Vatican Insider reports that Pope Francis has abolished the conferral of the Pontifical Honor of “Monsignor” on secular priests under the age of 65. The only Pontifical Honor conferred will be that of “Chaplain to His Holiness,” namely, “worthy priests” who exceed 65 years of age. The Pope’s decision is not retroactive, however. Thus, Monsignors who have not yet reached the age of 65 will not lose their honor, title, and better yet, the red buttons, piping, and cuffs on their cassocks, and fuchsia sash (that is, if they wear cassocks).
The Pope’s objective is to “reform the clergy” and “eliminate careerism” in the Catholic Church.
Many on the Catholic left will hail the move and acclaim it as a positive step in declericalizing the Church, building as it does on Pope Paul VI’s reform in the area of ecclesiastical titles following in the wake of Vatican II.
It took almost 1600 years for many of those honors and titles to creep into the Vatican bureaucracy. Today, they represent a style of Church and ministry that Pope Francis apparently disdains. It’s one many people across the globe also resent. Some say “It’s a Church that Jesus wouldn’t recognize as his own.”
The Motley Monk doesn’t view this “reform” in itself as a positive step. While reforming the clergy and eliminating careerism in the Catholic Church are important and worthy objectives, consider who now bears the brunt of the burden of reform for all of those careerists: the extraordinary, hardworking Father Joe Schlub.
This isn’t a “real” reform.
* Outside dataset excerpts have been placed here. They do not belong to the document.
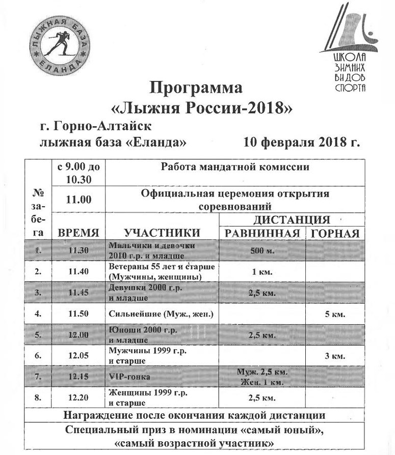 10 февраля 2018 г. в урочище Еланда состоятся Всероссийские массовые соревнования "Лыжня России 2018".
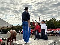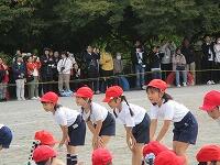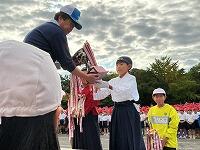 「表彰」です。青木校長先生から,白組に「優勝トロフィー」が授与されました。「応援賞」は,紅組です。「紅白対抗リレー」は,低学年の部で白組に,高学年の部で紅組に,それぞれ「優勝トロフィー」が授与されました。
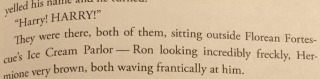 О цвете кожи Гермионы в книгах говорится только один раз в четвертой главе «Узника Азкабана»: «Гарри обернулся. Вот они! Вдвоем сидят в кафе-мороженом Флориана Фортескью! Рон еще больше усыпан веснушками, Гермиона очень загорела, оба что есть силы машут ему».
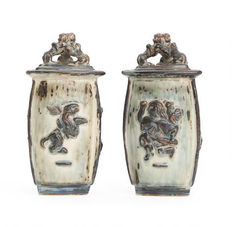 2551/1088AarhusBode Willumsen: Et par lågkrukker af stentøj. dekoreret med Sung glasur. Signeret. Royal Copenhagen. H. 19. (2)
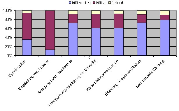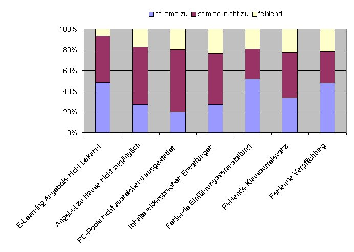 Der Hauptgrund gegen den Einsatz von E-Learning, den die meisten Befragten nannten, ist die fehlende Information über E-Learning. Bei der Frage nach dem technischen Wissen, bzw. der technischen Ausstattung ergibt sich eine nahezu exakt hälftige Verteilung der gegebenen Antworten auf die Möglichkeiten "trifft zu" und "trifft nicht zu". An letzter Stelle als Grund gegen die Nutzung von E-Learning steht das fehlende Interesse. Hierbei ist sich etwa die Hälfte der Lehrenden einig, dass dies nicht zutrifft. Auch die Akzeptanz bei den Studenten stufen die Lehrenden als recht hoch ein, über 60% der Befragten geben an, die mangelnde Akzeptanz bei Studierenden sei kein Grund, der gegen den Einsatz von E-Learning spricht. Etwa 15% der Lehrenden gaben an, diese Frage nicht beurteilen zu können.
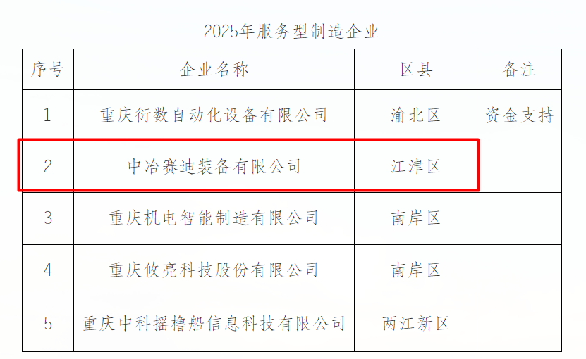 8月11日,中冶賽迪裝備申報的"綠色冶金與高端裝備服務型制造企業(yè)"通過重慶市經濟和信息化委員會審批,成功入選重慶市2025年服務型制造企業(yè),這標志著中冶賽迪裝備在科技創(chuàng)新、研發(fā)中試、制造型服務業(yè)建設以及引領行業(yè)產業(yè)轉型升級方面,取得階段性成果。
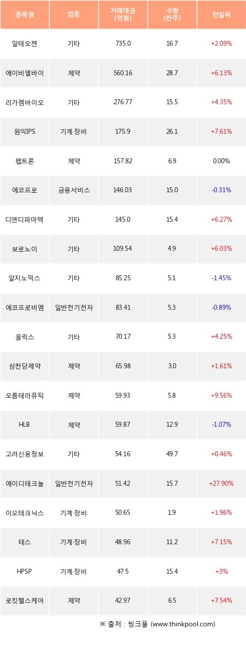 알테오젠, 에이비엘바이오, 리가켐바이오 등은 전일 대비 주가가 상승했고, 에코프로, 알지노믹스, 에코프로비엠 등은 주가가 하락했다.

It’s boasts a patina of reform, but doesn’t strike to the heart of the Pope’s real objective: clericalism and careerism in the Catholic Church.
Want real reform?
For a starter, as a bishop and cardinal, Pope Francis asked people to call him “Father,” convinced that this title best reflects the mission entrusted to priests, bishops, and cardinals. Indeed, the Pope is called “Holy Father.” Why not strip future bishops, archbishops, and cardinals of their formal titles (“Your Grace,” “Excellency,” and “Eminence”) and specialized clerical daily apparel that sets them apart from the others (meaning, ordinary Fr. Joe Schlubs). Why should they not also be called “Father” to reflect better their mission as bishops and cardinals? Why should they not also wear typical priestly garb?
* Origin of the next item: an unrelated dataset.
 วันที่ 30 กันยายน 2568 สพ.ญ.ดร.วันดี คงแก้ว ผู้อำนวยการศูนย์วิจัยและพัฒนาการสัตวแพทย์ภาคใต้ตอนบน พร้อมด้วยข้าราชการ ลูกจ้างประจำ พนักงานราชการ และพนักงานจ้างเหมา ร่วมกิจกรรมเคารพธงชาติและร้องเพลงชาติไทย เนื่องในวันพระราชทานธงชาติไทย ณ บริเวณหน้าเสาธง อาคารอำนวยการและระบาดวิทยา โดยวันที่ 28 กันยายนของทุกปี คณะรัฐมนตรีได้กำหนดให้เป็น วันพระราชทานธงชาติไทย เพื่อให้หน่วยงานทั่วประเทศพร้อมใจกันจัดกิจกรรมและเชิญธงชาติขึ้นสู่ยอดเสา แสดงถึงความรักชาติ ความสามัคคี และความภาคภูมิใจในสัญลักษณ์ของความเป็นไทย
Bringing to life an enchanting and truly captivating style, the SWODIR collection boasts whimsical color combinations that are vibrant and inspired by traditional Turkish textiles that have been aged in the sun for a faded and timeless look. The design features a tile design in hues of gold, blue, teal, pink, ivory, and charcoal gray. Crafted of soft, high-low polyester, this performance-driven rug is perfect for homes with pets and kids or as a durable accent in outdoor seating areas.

Then, too, how about “term limits” for the Vaticanista careerists? Have “Father” work in the Vatican for a specified period of time that can be renewed if necessary and, then, return home to live with the sheep and start smelling like them again.
Now that’s real reform!
Pope Francis first set the personal standard for reform: He wears shoes that practically anyone can purchase at Walmart, has moved out of the Apostolic Palace into an apartment in a hotel, scuttled his Mercedes Benz limousine in favor of a Volkswagen limousine, and drives a 1984 Renault 4 to shuttle about town. Nine months later, the Pope is undertaking a reform of the clergy and the elimination of careerism in the Church.
However, it’s a reform that starts “from the bottom-up.” While Pope Francis himself “walks the talk,” those working for the Pope also need to “walk the talk.” Reforming the upper levels of Church management first would send a clear and unambiguous message to the world that the ordained priesthood in all of its dimensions is not a matter of titles, positions and roles, or apparel of honor but of service to the Church.
The ordinary Fr. Joe Schlubs who desire to become careerists will get the message real fast.